If it is real the white
light from this lamp, real
the writing hand, are they
real, the eyes looking at what I write?
From one word to the other
what I say vanishes.
I know that I am alive,
between two parentheses.
~Octavio Paz, from Selected Poems (©1984 by Eliot Weinberger)
It's been so dark lately. I wanted big light today. Fierce light. Shouting, screaming, raging light. Light with claws, barbed teeth and a tail of burs. But today's light won't fight like that. Today's light plays demure, like a child who won't perform on demand. Oh, come on now, what's wrong? You know how to do this, you just did it the other day. Show us what you can do, don't be shy. (Baby blushes with a big-dimpled grin.)

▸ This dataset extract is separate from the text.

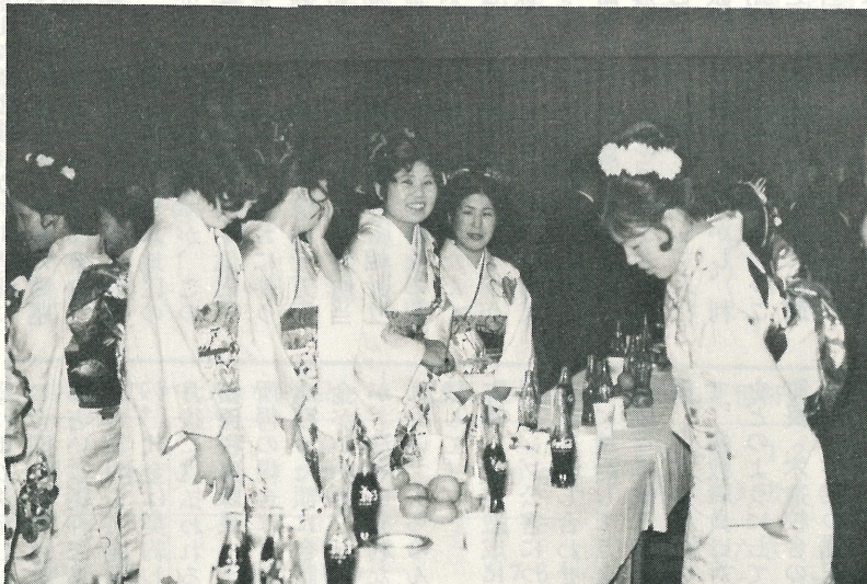
ことしの成人式は利根中学校の体育館で行なわれました。

Upstairs, in my room (the only room in the house that hasn't been finished, never mind re-finished), which faces east into the morning sun, I'm writing, trying to make sense of a certain citrus-scented light that has left this planet. Marks—the parentheses—of this fruity light are set with dates on both sides of the dash. My good friend Sheila: born and died in March. I don't imagine, though, that she is gone.
Death is the only certainty, we are told. It should be of no surprise, especially when we're prepared—as if we can prepare—yet, we're surprised. Events following take on a surreal aura. Death cannot be real. It's a trick. Smoke and mirrors. Like the Botanica print hanging on the wall above my desk that appears, in the picture, to be a mirror. The things reflected: an old yarn winder topped with magazines and an enormous, inherited, "Authorized or King James Version" of The Holy Bible. The Bible has so many bookmarks and notes tucked within its pages that it's nearly twice its original size and its spine is reinforced by duct tape.
Honey-haired Sheila was all light, as refreshing as orange essence; her zest for life, her insistence upon positivity, palatable. You could scrape her sideways and she'd smile. An orange spritz. Effervescence. A concentration of sweet and light. Peacemaker. Where there was darkness, she brought light. Orange glow.
Yellowed paper clippings are taped to the backside of the Bible's cover. I hadn't given the big book much attention, but one clipping strikes me—a passage from Olive Moore's Collected Writings:
Be careful with hatred. Handle hatred with respect. Hatred is too noble an emotion to be frittered away in little personal animosities. Whereas love is of itself a reward and an object worth striving for, personal hatred has no triumphs that are not trivial, secondary and human. Therefore love as foolishly as you may. But hate only after long and ardent deliberation. Hatred is a passion requiring one hundred times the energy of love. Keep it for a cause, not an individual. Keep it for intolerance, injustice, stupidity. For hatred is the strength of the sensitive. Its power and its greatness depend on the selflessness of its use.The sun, now, is willing itself to be present, and in the hall where it shines through the picture window it concentrates on the center of the rug, but it doesn't appear too concerned. It spreads across the tapestry, carefully, until the hall is fully infused with warmth. Ah yes, now it's thrashing and there's not a shadow to be seen! I think of Sheila's energy. She loved foolishly. Wildly. Generously. She still does. I feel her here now. Here. In the orange glow. Not gone at all. No sense to be made. I can smell the oranges and see her blushing. For this, I am certain.